Rutgers University.
Rutgers University.
Behav Ther. 2018 Sep;49(5):823-835. doi: 10.1016/j.beth.2018.01.006. Epub 2018 Feb 2.
Sudden gains (SGs), referring to large, stable symptom improvement occurring between consecutive treatment sessions, have been associated with improved outcomes among adults with various psychological disorders. Little research exists on SGs or sudden symptom worsening (i.e., sudden regressions [SRs]) during treatment for youth disorders. The current study examined predictors and outcomes of SGs/SRs via multiple informants in youth anxiety treatment. Participants were 118 youth (age M = 11.6, SD = 2.5; 53.8% female) and their caregivers receiving a cognitive-behavioral therapy protocol for a principal anxiety disorder. Anxiety symptom severity was assessed weekly via the State-Trait Anxiety Inventory for Children-Trait-Child/Parent versions. SGs and SRs occurred in 45.8 and 31.3% of youth, respectively. SRs were more common among youth with comorbid mood or externalizing disorders, while SGs occurred more often among youth with greater pretreatment anxiety symptom severity. SGs were not associated with posttreatment outcomes, but SRs predicted significantly higher posttreatment internalizing symptoms based on child report (β = .23, p = .03) and externalizing symptoms based on child (β = .15, p = .04) and parent report (β = .16, p = .03), controlling for overall magnitude of symptom change. SRs among youth receiving cognitive-behavioral therapy for anxiety are associated with pretreatment clinical complexity and poorer posttreatment outcomes and may serve as a warning sign to clinicians of possible treatment failure.
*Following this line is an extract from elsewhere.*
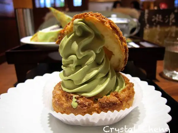 所以也是泡芙皮跟抹茶霜淇淋分開吃,或沾著吃。

突飞猛进(SGs),是指在连续治疗过程中出现的症状大幅改善且稳定,这与各种心理障碍的成年人的治疗结果改善有关。对于青少年障碍治疗期间的 SGs 或突然症状恶化(即突然倒退[SRs]),研究甚少。目前的研究通过多种信息源检查了青少年焦虑症治疗中的 SGs/SRs 的预测因素和结果。参与者为 118 名青少年(年龄 M = 11.6,SD = 2.5;53.8%为女性)及其接受认知行为治疗方案治疗主要焦虑症的照料者。焦虑症状严重程度每周通过儿童状态-特质焦虑量表特质-儿童/父母版本进行评估。分别有 45.8%和 31.3%的青少年出现 SGs 和 SRs。SRs 在共患心境或外化障碍的青少年中更为常见,而 SGs 在治疗前焦虑症状严重程度更高的青少年中更为常见。SGs 与治疗后结局无关,但 SRs 根据儿童报告预测治疗后内化症状显著升高(β =.23,p =.03),根据儿童(β =.15,p =.04)和父母报告预测外化症状升高(β =.16,p =.03),同时控制了症状变化的总体幅度。接受认知行为治疗治疗焦虑的青少年中出现的 SRs 与治疗前的临床复杂性和较差的治疗后结局相关,可能是治疗失败的临床医生的警告信号。